_EXERCISE AIM_
Exactly as written, set down each line of the data below except its pictures.

_SUPPLIED DATA_
▽

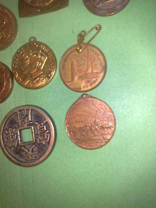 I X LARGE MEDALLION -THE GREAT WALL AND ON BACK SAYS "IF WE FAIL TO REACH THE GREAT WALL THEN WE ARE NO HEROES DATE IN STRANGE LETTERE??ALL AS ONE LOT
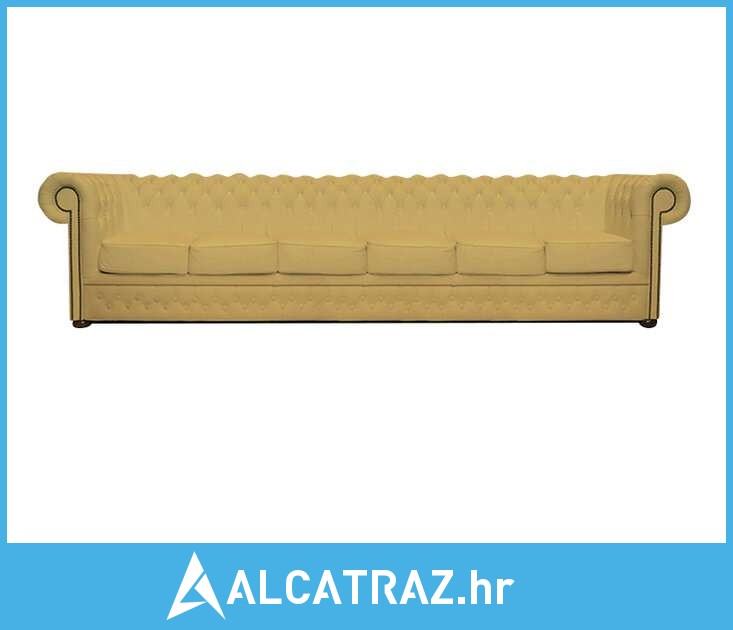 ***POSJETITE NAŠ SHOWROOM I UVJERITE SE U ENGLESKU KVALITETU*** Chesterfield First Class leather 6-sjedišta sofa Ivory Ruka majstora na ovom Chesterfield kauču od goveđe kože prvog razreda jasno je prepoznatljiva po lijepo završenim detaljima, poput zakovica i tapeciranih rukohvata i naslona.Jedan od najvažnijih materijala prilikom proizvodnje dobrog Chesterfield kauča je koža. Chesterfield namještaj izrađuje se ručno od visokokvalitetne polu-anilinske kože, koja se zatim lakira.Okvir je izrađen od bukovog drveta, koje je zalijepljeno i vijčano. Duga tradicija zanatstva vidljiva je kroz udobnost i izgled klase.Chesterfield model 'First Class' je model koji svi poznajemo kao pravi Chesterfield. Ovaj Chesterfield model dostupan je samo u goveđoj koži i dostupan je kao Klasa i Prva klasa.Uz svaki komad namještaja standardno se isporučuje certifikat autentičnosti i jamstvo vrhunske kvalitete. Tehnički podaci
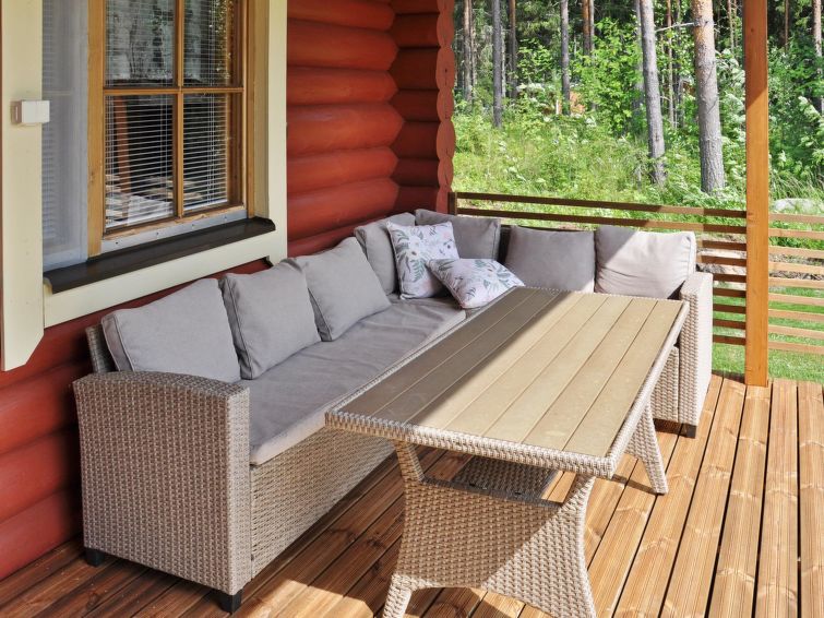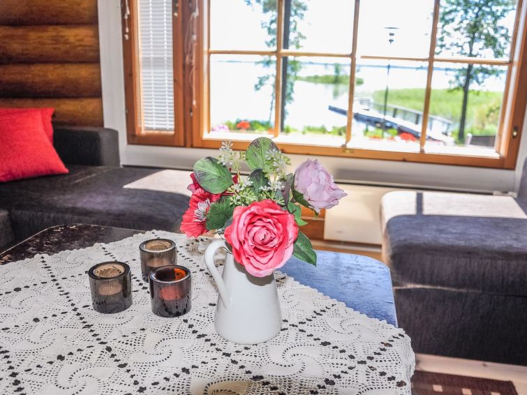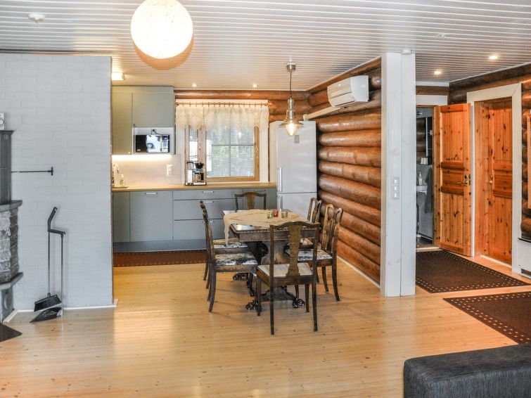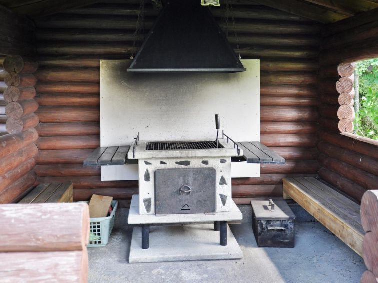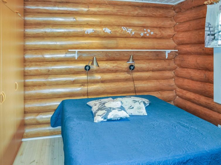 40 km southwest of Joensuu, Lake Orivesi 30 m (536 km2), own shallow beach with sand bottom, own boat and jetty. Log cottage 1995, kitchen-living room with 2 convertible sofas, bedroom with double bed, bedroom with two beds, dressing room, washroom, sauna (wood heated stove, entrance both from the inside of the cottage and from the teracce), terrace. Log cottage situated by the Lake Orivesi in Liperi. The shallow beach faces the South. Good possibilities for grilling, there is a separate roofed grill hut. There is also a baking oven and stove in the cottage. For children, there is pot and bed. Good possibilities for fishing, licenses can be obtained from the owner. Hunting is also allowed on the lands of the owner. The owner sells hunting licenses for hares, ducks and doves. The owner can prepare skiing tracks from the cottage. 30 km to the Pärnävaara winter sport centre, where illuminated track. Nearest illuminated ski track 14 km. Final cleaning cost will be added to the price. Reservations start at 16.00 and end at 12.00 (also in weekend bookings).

△

_ANSWER FOR THIS EXERCISE_
 I X LARGE MEDALLION -THE GREAT WALL AND ON BACK SAYS "IF WE FAIL TO REACH THE GREAT WALL THEN WE ARE NO HEROES DATE IN STRANGE LETTERE??ALL AS ONE LOT
 ***POSJETITE NAŠ SHOWROOM I UVJERITE SE U ENGLESKU KVALITETU*** Chesterfield First Class leather 6-sjedišta sofa Ivory Ruka majstora na ovom Chesterfield kauču od goveđe kože prvog razreda jasno je prepoznatljiva po lijepo završenim detaljima, poput zakovica i tapeciranih rukohvata i naslona.Jedan od najvažnijih materijala prilikom proizvodnje dobrog Chesterfield kauča je koža. Chesterfield namještaj izrađuje se ručno od visokokvalitetne polu-anilinske kože, koja se zatim lakira.Okvir je izrađen od bukovog drveta, koje je zalijepljeno i vijčano. Duga tradicija zanatstva vidljiva je kroz udobnost i izgled klase.Chesterfield model 'First Class' je model koji svi poznajemo kao pravi Chesterfield. Ovaj Chesterfield model dostupan je samo u goveđoj koži i dostupan je kao Klasa i Prva klasa.Uz svaki komad namještaja standardno se isporučuje certifikat autentičnosti i jamstvo vrhunske kvalitete. Tehnički podaci
 40 km southwest of Joensuu, Lake Orivesi 30 m (536 km2), own shallow beach with sand bottom, own boat and jetty. Log cottage 1995, kitchen-living room with 2 convertible sofas, bedroom with double bed, bedroom with two beds, dressing room, washroom, sauna (wood heated stove, entrance both from the inside of the cottage and from the teracce), terrace. Log cottage situated by the Lake Orivesi in Liperi. The shallow beach faces the South. Good possibilities for grilling, there is a separate roofed grill hut. There is also a baking oven and stove in the cottage. For children, there is pot and bed. Good possibilities for fishing, licenses can be obtained from the owner. Hunting is also allowed on the lands of the owner. The owner sells hunting licenses for hares, ducks and doves. The owner can prepare skiing tracks from the cottage. 30 km to the Pärnävaara winter sport centre, where illuminated track. Nearest illuminated ski track 14 km. Final cleaning cost will be added to the price. Reservations start at 16.00 and end at 12.00 (also in weekend bookings).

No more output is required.